Освободившись от тяжести тела Незнакомца и под действием доводчика дверь в кабинку начала закрываться.
Татьяна всхлипнула, по щеке прокатилась слеза. Она слизнула ее, почувствовала забытый с детства вкус и испытала к себе острую жалость. Никогда еще ей не было так страшно.
– Хорошо, я скажу, где диск. Только уберите от меня пистолет! – в отчаянии попросила она.
Закрываясь, дверь толкнула Незнакомца в спину, палец на курке дрогнул и пистолет выстрелил. Татьяну подбросило, как от удара, и на ее груди начало расплываться пятно крови. Она даже не успела понять, что произошло. Ее подхватила волна боли. Она еще какое-то время видела, как на нее растерянно смотрит Незнакомец, а потом волна поволокла ее куда-то в невозвратный холод и темноту.
– Черт! Твою мать! Бывает же такое! – Незнакомец не находил себе места.
Как можно было так облажаться! Какая нелепость! Какой козел придумал устраивать дела в сортире?! Вот и получилось полное дерьмо!!!
Незнакомец выскочил из кабинки, со злостью хлопнув дверцей.
– Срань! Вонючая срань! Ведь это ж надо! Она уже собиралась все рассказать!..
Ему хотелось выть, рвать на себе волосы, биться лбом об стену. Последний раз такое чувство было у него, когда однажды после боя он с лучшим другом Витей Зеленым возвращался к своим. Вечерело. У Незнакомца вспотела голова, он снял каску и держал
ее в руке, наслаждаясь веянием теплого ветерка. Витя попросил у него воды, он успел из своей фляги выпить все до последней капли. Незнакомец попытался достать флягу той же рукой, в которой держал каску, так как вторая поддерживала пулемет, что лежал на плече. Каска выпала, ударилась о камни и покатилась вниз по склону. Витя хлопнул его по плечу, мол, не переживай, сейчас принесу. Спустившись, он нагнулся, чтобы взять каску, а уже через мгновение ошметки его тела были разбросаны по холму в радиусе не менее десяти метров…

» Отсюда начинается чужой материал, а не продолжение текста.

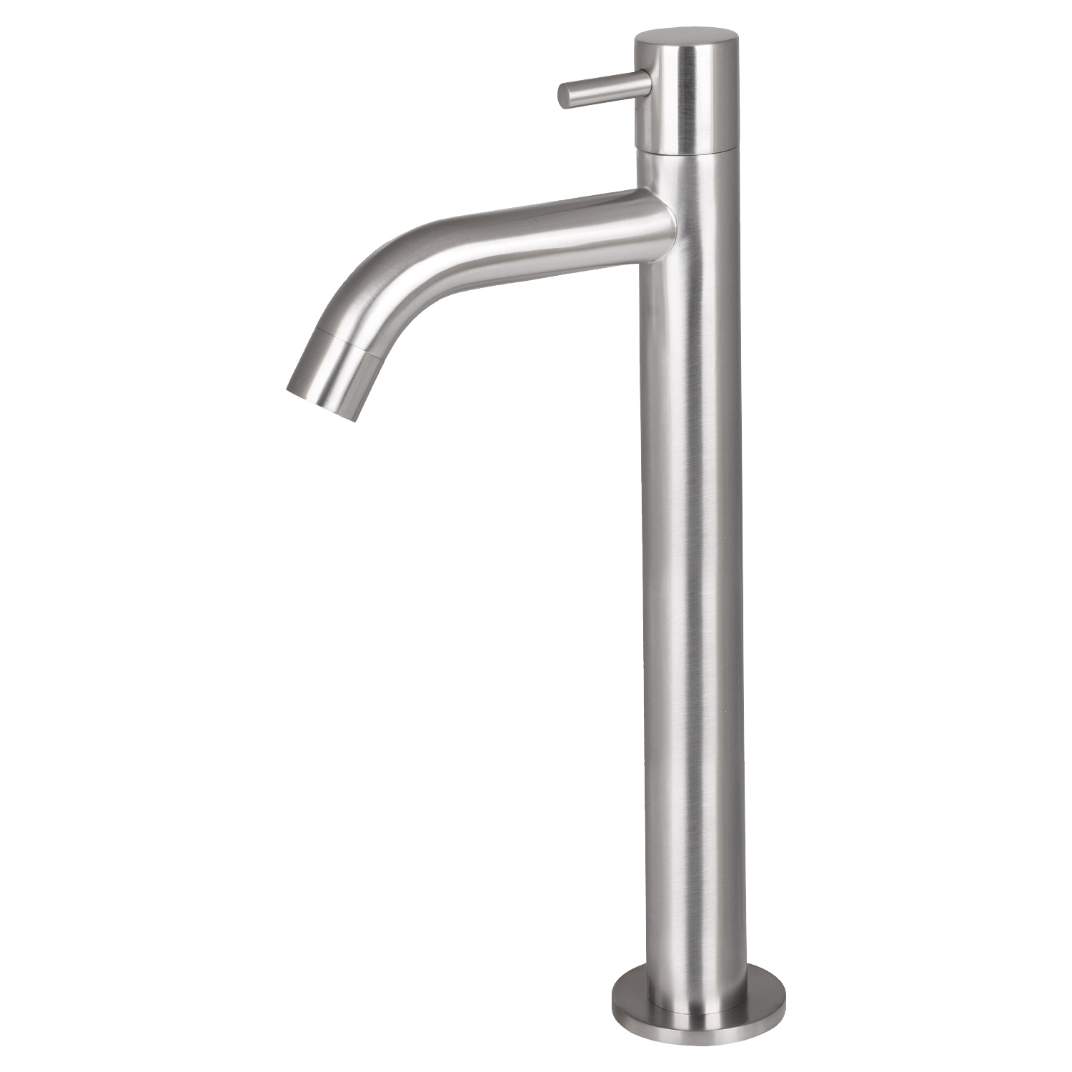 De kraan is 28.5 cm hoog en heeft een uitloop van 11.5 cm. De kraan geeft alleen koudwater.

Незнакомец убрал пистолет, подошел к раковине, открыл кран и, сполоснув лицо холодной водой, посмотрел на себя в зеркало.
– Так, ты вляпался, сильно вляпался, мягко говоря. На самом деле ты в полном дерьме, а если кто-то сюда войдет и увидит эту стерву и тебя заодно… – сказал он, изучая мешки под глазами, – тебе придется его тоже замочить. Проблем нет, одной девкой больше, одной меньше. Но вот загвоздка: тебе за это не платили, а ты не привык убивать забесплатно. Так что лучший выход сейчас слиться отсюда, и как можно скорее. Но есть и еще одно: диск. Тебе нужен диск. Значит, придется ее обыскать, и не факт, что диск при ней, а за это время сюда может еще черт знает кто зайти. Вот, мать твою, дилемма! – Он выключил воду: – А, хрена с два, раньше проносило и на этот раз пронесет! – И Незнакомец направился обратно в кабинку, единственной достопримечательностью которой было мертвое тело.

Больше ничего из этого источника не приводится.